I received this email forward from the National Broadcaster Association last night from Scott Thomas, General Manager at KFVS, who has been actively engaged in advocating for the protection of the full 100% deduction for advertising expenditures:
“Today, House Republicans unveiled their tax reform proposal, and we are pleased to report that with the support and engagement of our members, we were successful in preventing the inclusion of any limitation to the advertising tax deduction. Read NAB’s statement here.
However, we are not out of the woods yet. As the legislative process continues through the House and Senate, Congress taking away all or a portion of this tax deduction remains a possibility. This would make advertising more expensive for businesses, significantly impacting your bottom lines and ability to serve your local communities.
We need your continued help in fighting any changes to the advertising deduction.
Here’s what you can do today:
- Click here to thank your members of Congress for supporting broadcast stations, small businesses and local jobs by not slashing the ad tax deduction.
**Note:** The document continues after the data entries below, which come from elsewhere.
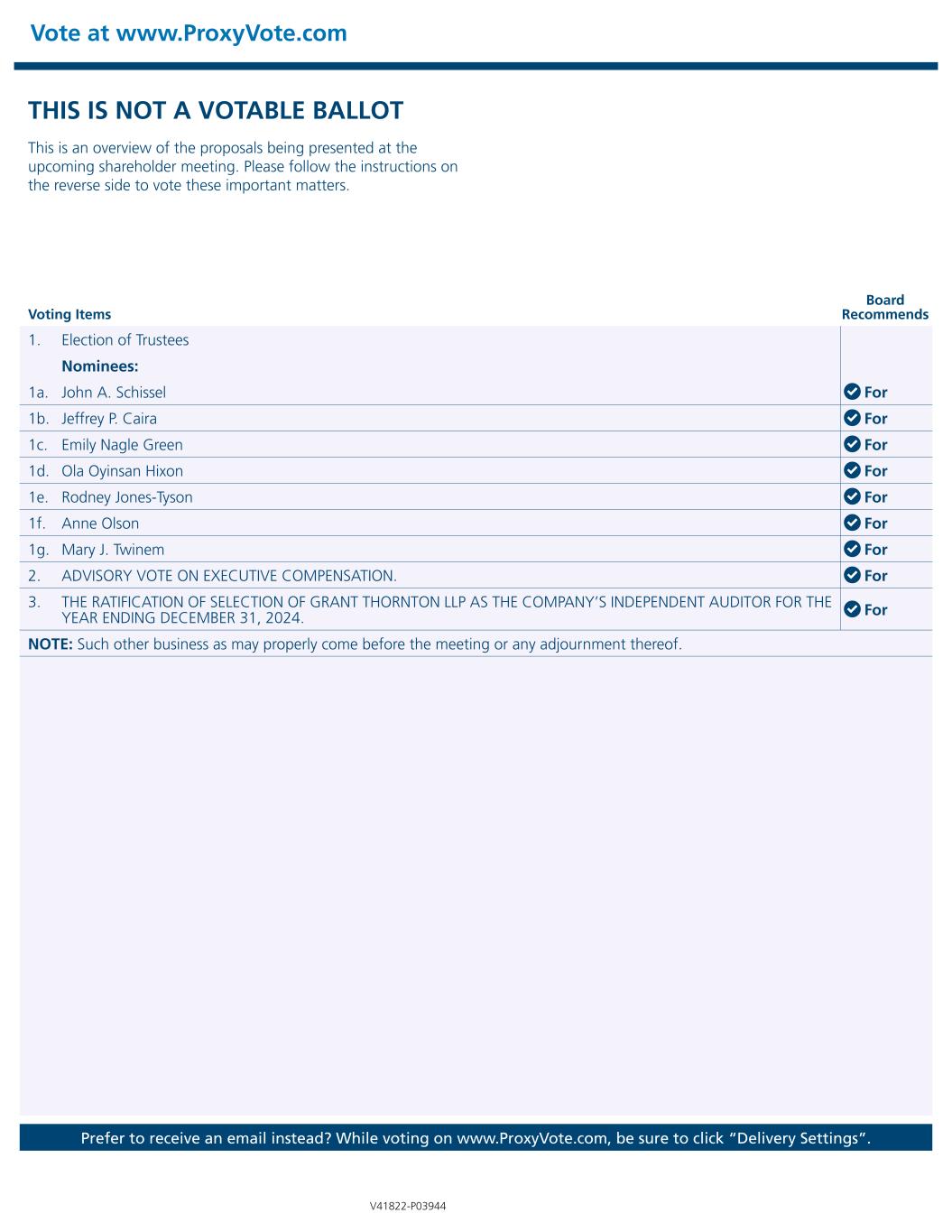 Prefer to receive an email instead? While voting on www.ProxyVote.com, be sure to click “Delivery Settings”. Voting Items Board Recommends V41822-P03944 THIS IS NOT A VOTABLE BALLOT This is an overview of the proposals being presented at the upcoming shareholder meeting. Please follow the instructions on the reverse side to vote these important matters. Vote at www.ProxyVote.com 1. Election of Trustees Nominees: 1a. John A. Schissel For 1b. Jeffrey P. Caira For 1c. Emily Nagle Green For 1d. Ola Oyinsan Hixon For 1e. Rodney Jones-Tyson For 1f. Anne Olson For 1g. Mary J. Twinem For 2. ADVISORY VOTE ON EXECUTIVE COMPENSATION. For 3. THE RATIFICATION OF SELECTION OF GRANT THORNTON LLP AS THE COMPANY’S INDEPENDENT AUDITOR FOR THE YEAR ENDING DECEMBER 31, 2024. For NOTE: Such other business as may properly come before the meeting or any adjournment thereof.
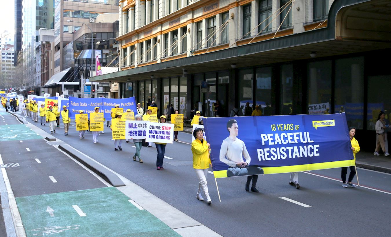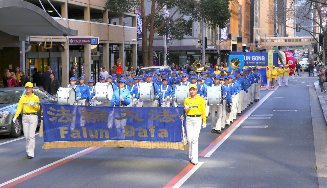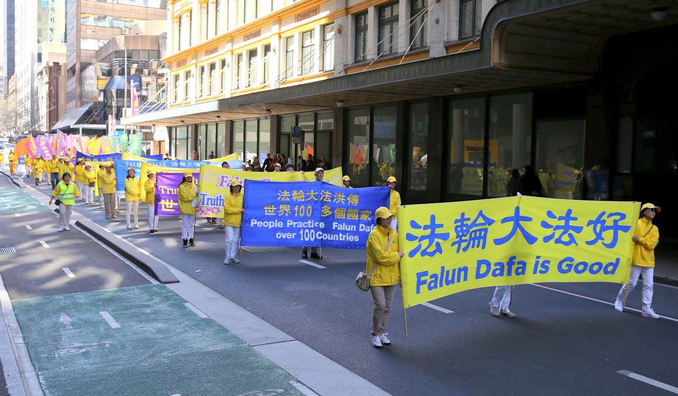 当天中午十二点半,由法轮功学员组成的游行队伍在天国乐团的引领下,展示着“法轮大法好”、“世界需要真善忍”、“停止迫害法轮功”等数百条横幅,及各色彩旗和展牌,从邻近环形码头的杨街(Young St)出发,横跨贯穿悉尼市中心的卡斯而雷街,直至市区的贝尔摩公园(Belmore Park)。一路上,街道两旁的商店员工和街上的行人被法轮功的游行队伍所吸引,很多人站在路边观看,拍照。
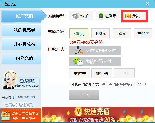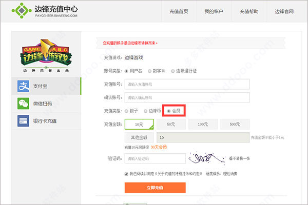 方式二:登录边锋游戏大厅,点快速充值,充值类型选择会员。
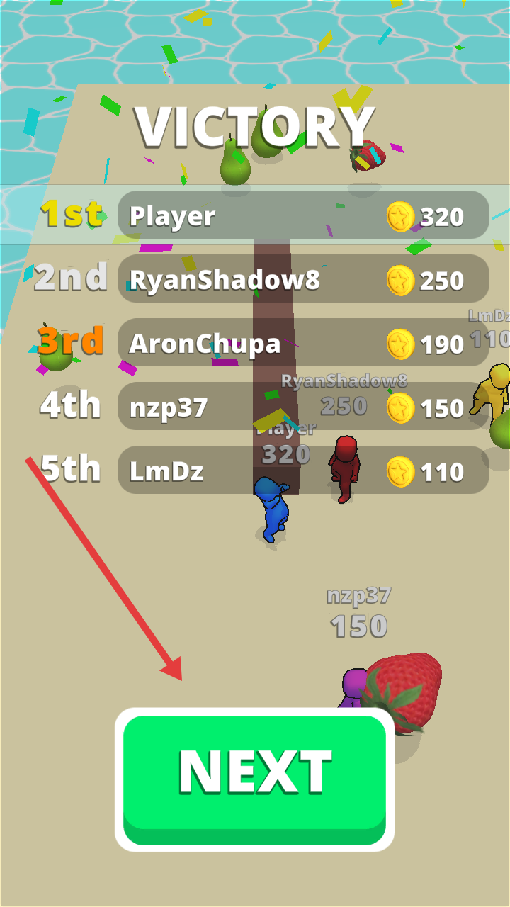4、关卡胜利后点击NEXT按钮进入下一关,继续挑战更多沙滩场景的收集关卡。
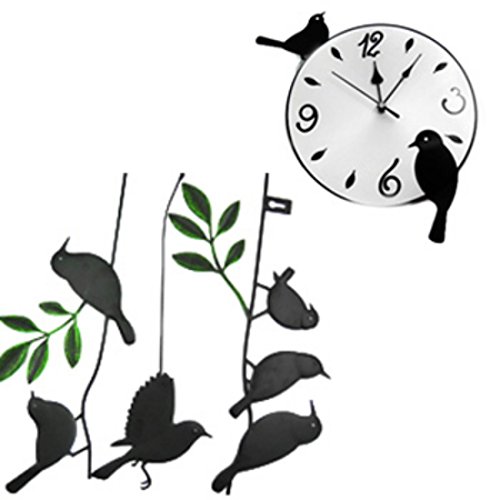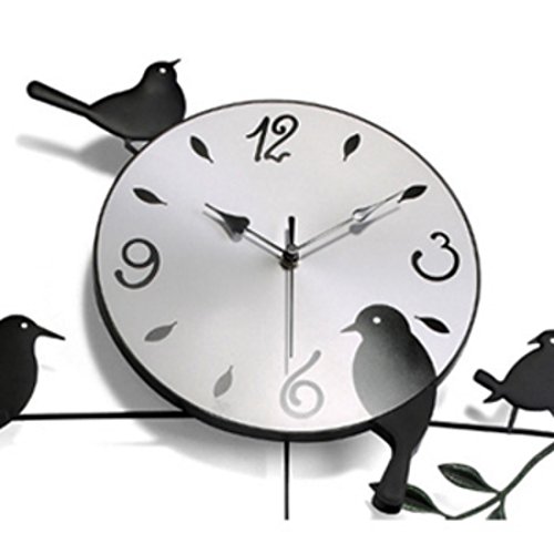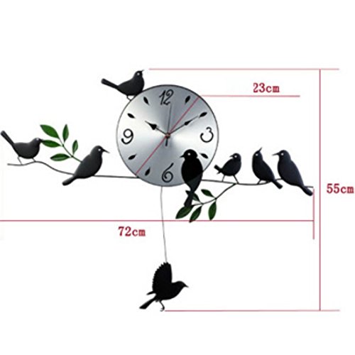 - Feature : Bird themed metal wall clock / Metal pendulum / A perfect decorative clock for any living room, bedroom, studio or cafe / Powered by 2 AA battery (not included), no cables or wiring is needed / Size: 72 x 55 cm / 28.8 x 22 inch (L x W); Dial: 23 cm / 9.2 inch

- Recruit advocates. Make sure your advertising partners know how a tax on advertising could harm their ability to reach customers and grow their businesses. Urge them to join Businesses Against the Ad Tax.
By making our voices heard in Congress, we can ensure stations can continue to deliver the emergency updates, news and entertainment our communities rely on every day and local businesses continue to thrive and grow.”
Simply, there was no clause in the bill that would eliminate the full 100% deduction for advertising expenditures in the year that they were incurred.
I have yet to receive an update, as requested in an email sent to our VP in AAF Governmental Affairs upon hearing the House was passing out a bill yesterday, so that is why you’re getting the NAB release which is a reliable source.
NOTE: This isn’t over yet, and at best it is “halfway” through the process as the House Bill now goes to the Senate Finance Committee.
The administration intends to pass TAX REFORM legislation ASAP and certainly by the end of the year.
For the elimination of the full deduction of advertising to now become a part of a bill that is passed by Congress:
The Senate Finance Committee would have to insert that clause into the bill sent from the House, send it back to the House where the clause would have to be added and then passed.
More good news: Senator Claire McCaskill is on the Senate Finance Committee and in our 2014 meeting with her Chief of Staff she reported the Senator opposed the clause that would eliminate the full deduction. The same stance was reported to me in a call to the Senator’s office a week or so ago.
Senator McCaskill’s contact information:
- 202.224.6154 (Washington DC Office)
- 573.651.0964 (Cape Girardeau Office).
- 555 Independence St., Room 1600, Cape Girardeau, MO. 63703
Senator Roy Blunt is in favor of Tax Reform and worked with President Trump in a meeting in Springfield earlier this year to help pass the bill through Congress.
Senator Blunt’s Contact info:
- 202.224.5721 (Washington DC Office)
- 573.334.7044 (Cape Girardeau Office)
Finally, we must send our “Thanks and Appreciation” our Congressman Jason Smith. He, undoubtedly, supported the bill and in response to a question sent from the 8th Congressional District Republican Chairman, early in the process, stated that he would protect the full deduction for advertising.